The uniformly dispersed fermentation broth 30 is then transferred to the production vessel 50 through an air flow condenser 114 located at the top of the liquid holding vessel 110, wherein the air flow condenser 114 may be a condensing fan in an application environment. Then, the uniformly dispersed fermentation solution 30 is vaporized by heat exchange with the external air, and rapidly dispersed throughout the production vessel 50.
In the nicotinamide mononucleotide producing system, the variable frequency oscillating device is arranged in a nicotinamide mononucleotide producing container, and the variable frequency oscillating component is used for carrying out variable frequency oscillation on the fermentation liquor to uniformly disperse the fermentation liquor. The fermentation liquor after being uniformly dispersed is conveyed to a production container for producing nicotinamide mononucleotide through an airflow condenser at the top of the liquor container, so that the fermentation liquor can be uniformly mixed. Therefore, this example ensures that nicotinamide mononucleotide can be maintained in a constant production environment during the culturing process.
In addition, the variable frequency oscillation can not only uniformly disperse the fermentation liquor, but also break the cell walls of microorganisms such as bacteria, viruses and spores in the fermentation liquor, lose activity and kill the microorganisms, thereby achieving the bacteriostatic effect, and simultaneously enabling substances in the fermentation liquor to be rapidly dissolved and uniformly distributed in the fermentation liquor.
Example two
Referring to FIG. 2, the nicotinamide mononucleotide producing system 200 of this embodiment comprises a production vessel 50 and a variable frequency oscillator 60 disposed within the production vessel 50.

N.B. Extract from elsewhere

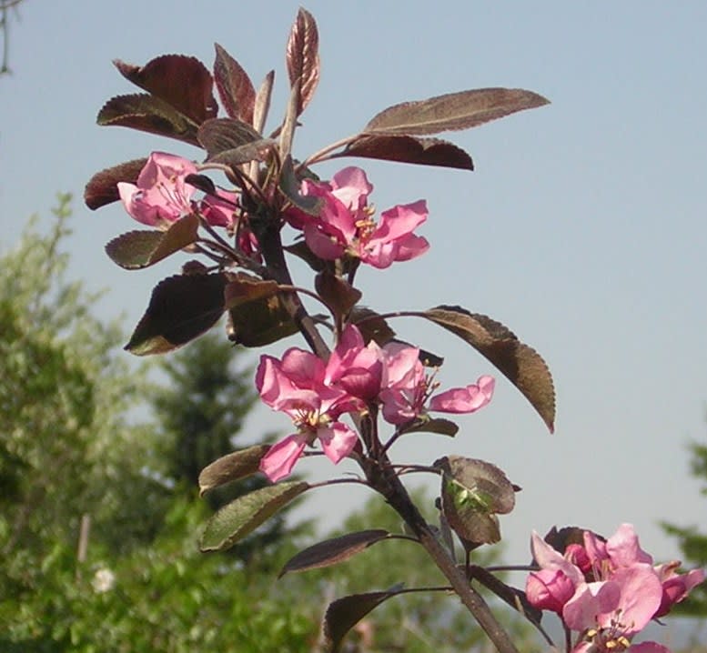 Великолепным украшением моего сада стали декоративные яблони Ола и Маковецки. Эффектные и совершенно неприхотливые растения выглядят очень привлекательно. Бутоны цвета фуксии, а затем насыщенно-розовые цветы покрывают кроны деревьев. Листья, распускаясь, окрашиваются в тёмный шоколадно-коричневый цвет. Летом листья зеленеют, а в августе некоторые из них становятся лимонно-жёлтыми, другие – красно-оранжевыми. Удивительная красота!

It should be noted that the same or similar components or devices in fig. 2 are denoted by the same or similar reference numerals, and the materials, configurations and functions thereof are the same or similar to those described above, so that the detailed description thereof will not be repeated.
The difference between the present embodiment and the first embodiment is that the liquid container 110 can be connected to the liquid preparation vessel 210 through the liquid feeding path 212, wherein the liquid feeding path 212 is connected to the upper opening of the sidewall of the liquid container 110, and the liquid feeding path 212 is connected to the lower opening of the sidewall of the liquid preparation vessel 210. Therefore, the fermentation liquid can flow from the dispensing vessel 210 to the inner space of the liquid holding vessel 110 through the liquid feeding path 212.

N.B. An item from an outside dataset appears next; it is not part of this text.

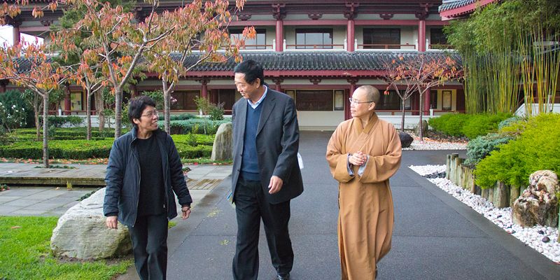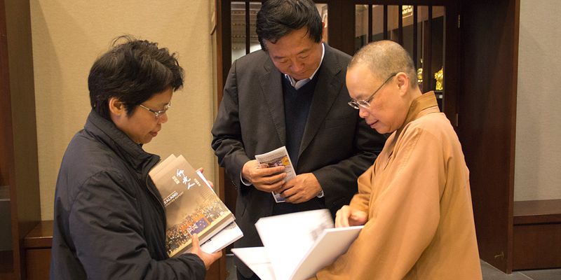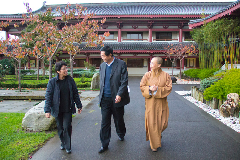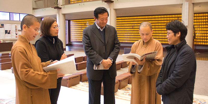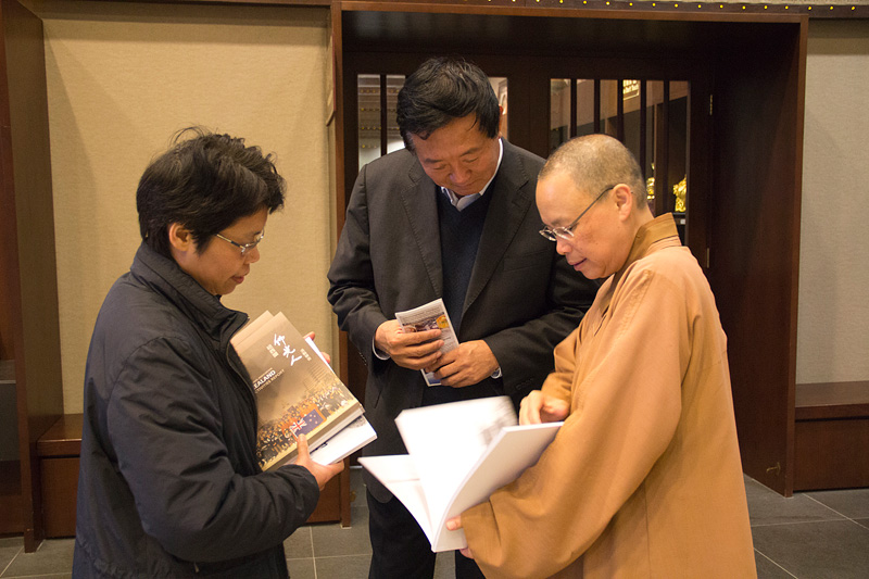 酷愛書法寫得一手好字本身也是金陵書畫院名譽院長李關長,看到大師的字圍繞著文化走廊很是感動 ;同時表示難得在國外可以看到如此壯觀的道場,對大雄寶殿壁上的雕刻佛像一眼即看出是來自中國福建崇武岩石,並且對蓮池塔建造理念的簡潔亦相當不容易。住持表示佛光山都是與人有關的事,以尊重生命的理念為大眾服務,並且歡迎李關長再次回來開畫展。常住贈2012紐西蘭佛光人活動報告及《人間》一書結緣。

In an application environment, the level of the lower opening of the sidewall of the dispensing well 210 is higher than the level of the upper opening of the sidewall of the liquid containing well 110. Therefore, the fermentation liquid 20 can flow from the lower opening of the side wall of the liquid distribution vessel 210 to the upper opening of the side wall of the liquid containing vessel 110 through the liquid feeding path 212 without applying any external power. The method of making the lower opening of the sidewall of the dispensing well 210 have a higher level than the upper opening of the sidewall of the liquid container 110 includes disposing a platform (not shown in fig. 2) below the dispensing well 210 to raise the dispensing well 210, but the method is not limited thereto.
Further, a valve 214 may be installed in the liquid feeding path 212 to control the flow of the fermentation liquid 20 from the dispensing vessel 210 to the liquid holding vessel 110.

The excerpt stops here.